▸ What this task involves:
Find the line below with "中國銀行 1원권 中華民國 二十五年 1936 準未使用品" and the line with "Hand-drawn, black and". Output exactly those lines and everything between them, leaving out the pictures.

[Opening Working data section]

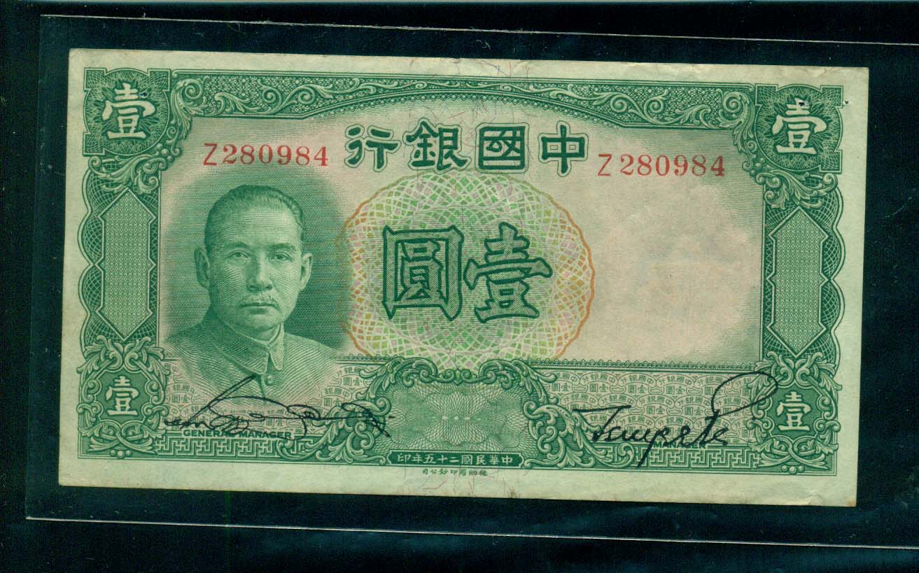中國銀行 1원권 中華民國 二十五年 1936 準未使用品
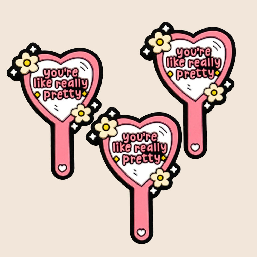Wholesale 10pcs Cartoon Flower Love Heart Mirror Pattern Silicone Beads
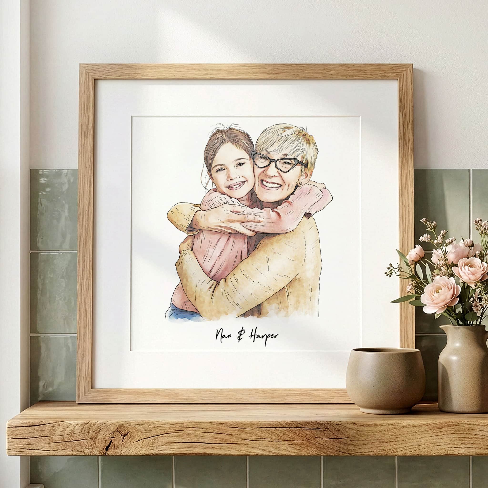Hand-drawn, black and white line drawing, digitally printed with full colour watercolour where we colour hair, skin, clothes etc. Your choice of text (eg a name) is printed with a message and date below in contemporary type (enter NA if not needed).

[Closing Working data section]
[Opening Working data section]

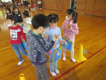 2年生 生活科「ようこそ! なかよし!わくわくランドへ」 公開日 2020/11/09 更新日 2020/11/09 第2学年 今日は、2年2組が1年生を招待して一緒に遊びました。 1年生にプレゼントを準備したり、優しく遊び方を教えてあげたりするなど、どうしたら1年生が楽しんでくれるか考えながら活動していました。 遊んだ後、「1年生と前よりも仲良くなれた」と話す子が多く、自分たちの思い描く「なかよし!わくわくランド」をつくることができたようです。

[Closing Working data section]

▸ Written reply:
中國銀行 1원권 中華民國 二十五年 1936 準未使用品
Wholesale 10pcs Cartoon Flower Love Heart Mirror Pattern Silicone Beads
Hand-drawn, black and white line drawing, digitally printed with full colour watercolour where we colour hair, skin, clothes etc. Your choice of text (eg a name) is printed with a message and date below in contemporary type (enter NA if not needed).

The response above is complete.